The Results of the chi square test on the test data with regularisation is  : 
Chi Statistic = 23.07928486762725
p value = 1.0


In [240]:
avg_sulfur = 46.47
avg_chloride = 0.087

per_sulfur_chng = 0.01 * avg_sulfur * Results_l1_reg.loc[Results_l1_reg['Attribute'] == 'total sulfur dioxide']['Results'].iat[0]
per_chloride_chng = 0.01 * avg_chloride * Results_l1_reg.loc[Results_l1_reg['Attribute'] == 'chlorides']['Results'].iat[0]
print("Change in Quality for 1 percent change in total sulfur dioxide = " + str(per_sulfur_chng))
print("Change in Quality for 1 percent change in chlorides = " + str(per_chloride_chng))

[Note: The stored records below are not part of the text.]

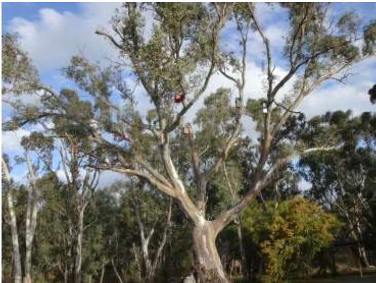
The High Rise Apartments in a Tree in Dews Lane near the Low Water Bridge.

Bird boxes have been installed in Donald, Wycheproof, Birchip, Culgoa, Berriwillock, and Sea Lake.
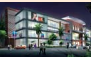
Brigade Vantage , Vinobha Road Large Format Retail

Brigade Sparkle , J.P. Nagar 2- and 3-bedroom apartments
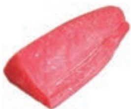
MH86008 TUNA LOIN 30 LBS 5-8 LBS
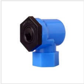
Hollow Cone Spray Nozzle Assembly For
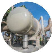
PRESSURE VESSELS AND BOILERS
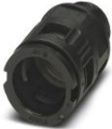
Cable gland, metric thread, IP68/69k protection, straight

Please be informed that the data shown in this PDF Document is generated from our Online Catalog. Please find the complete data in the user's documentation. Our General Terms of Use for Downloads are valid ( http://phoenixcontact.com/download )
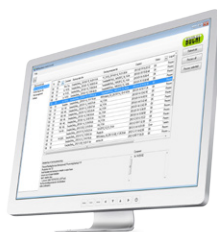
NIRAnywhere Software Network solution
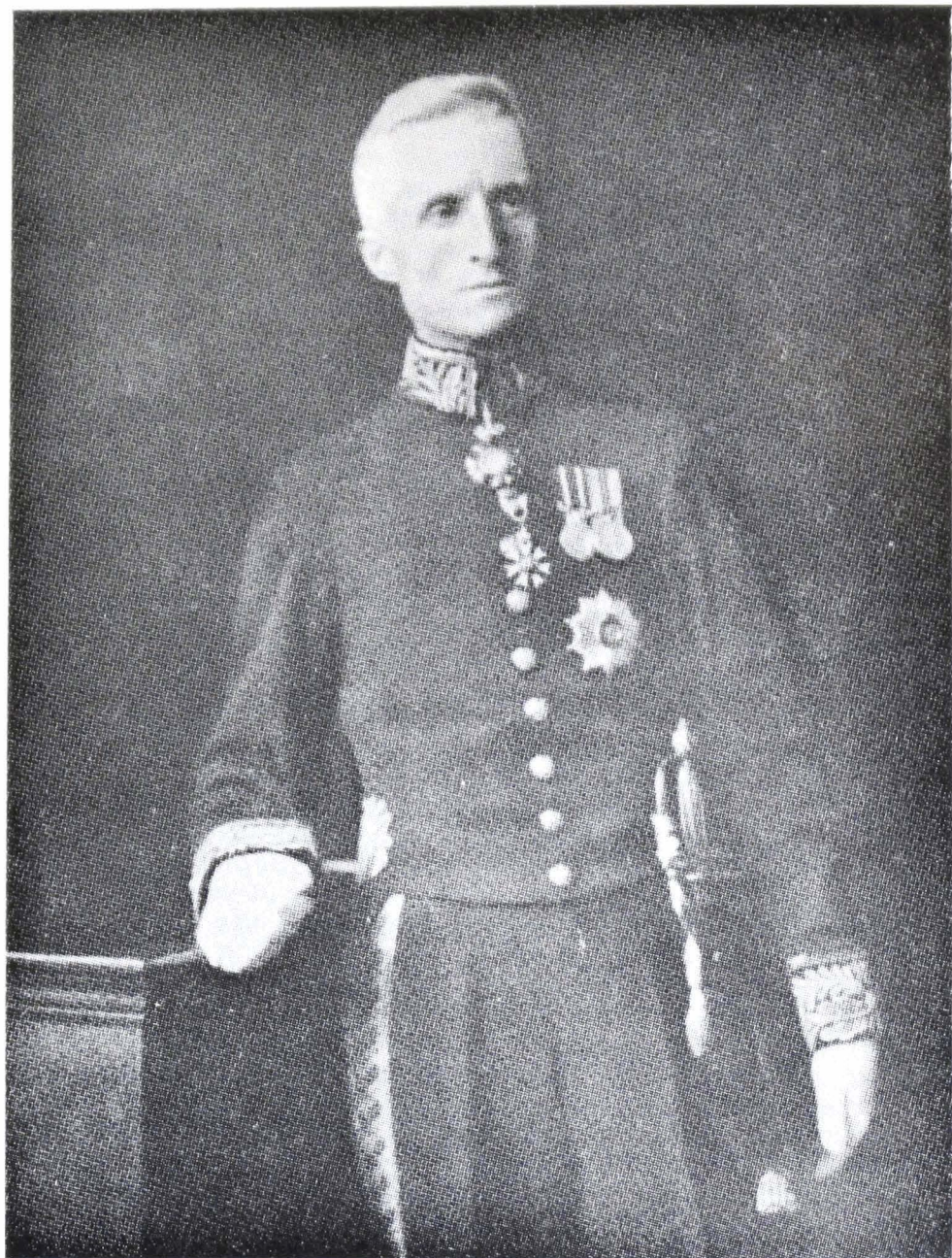
SIR CHARLES BELL
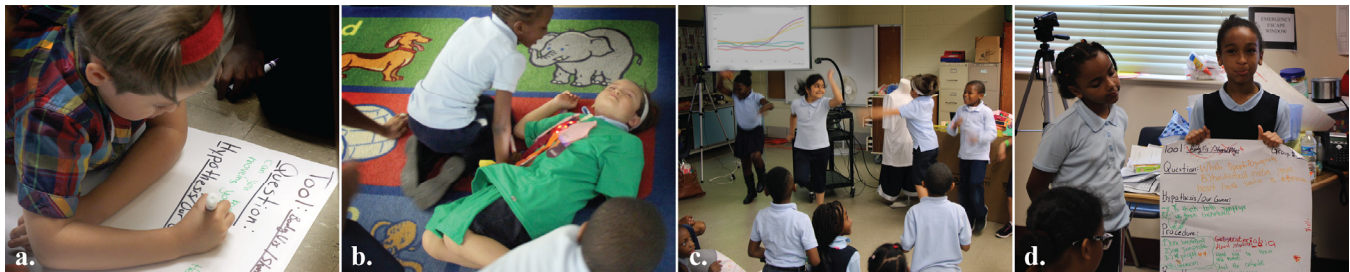
Figure 1. In this paper, we present a four-day deployment study of LPSV tools in a formal classroom environment where (a) children brainstorm questions, test hypotheses with a model-based tool called (b) BodyVis and with an analytic-based tool called (c) SharedPhys , and (d) present their experiment results.
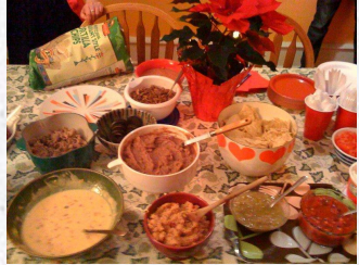
Taco Bar $225
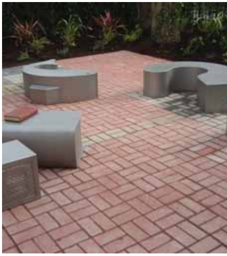
'Of Books, Questions and Other Things', Leixlip Library Play Area, by Declan Breen
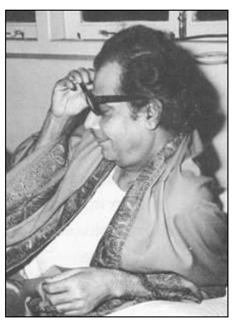
Dadaji . 1973 Bombay

Although from his boyhood Dadaji was given to curing all kinds of diseases with a simple touch of his magnetic hand or bringing back impaired vision with a rub
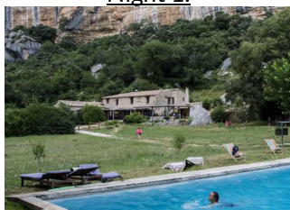
Les Seguins - Buoux www.aubergedeseguins.com/
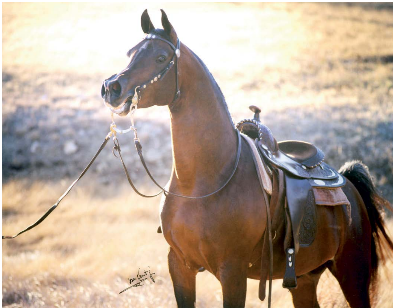
Thee Desperado 1989 bay stallion (The Minstril x AK Amiri Asmarr) with western saddle. Despite all the fanfare about him and his long halter-winning career, he enjoys being ridden around the farm.

mare. On April 5, 1989 she produced a beautiful bay colt with the most uniformly perfect markings, balanced proportions and overall excellent quality. But that did not impress AK Amiri Asmarr one bit because she wanted nothing to do with motherhood and did not want this little bay colt anywhere near her. However the boldness of this youngster was to foretell of a “Desperado” who would make a name for himself no matter what his mother thought.

Change in Quality for 1 percent change in total sulfur dioxide = -0.0017452609192854633
Change in Quality for 1 percent change in chlorides = -0.0014512151279972394


Looking at the results for the chloride and sulfur change, i still feel that the magnitude of the features in X affect the end value. To get a perfect analysis on whether a feature is really important or not, they have to be bought to the same scale using normalisation techniques.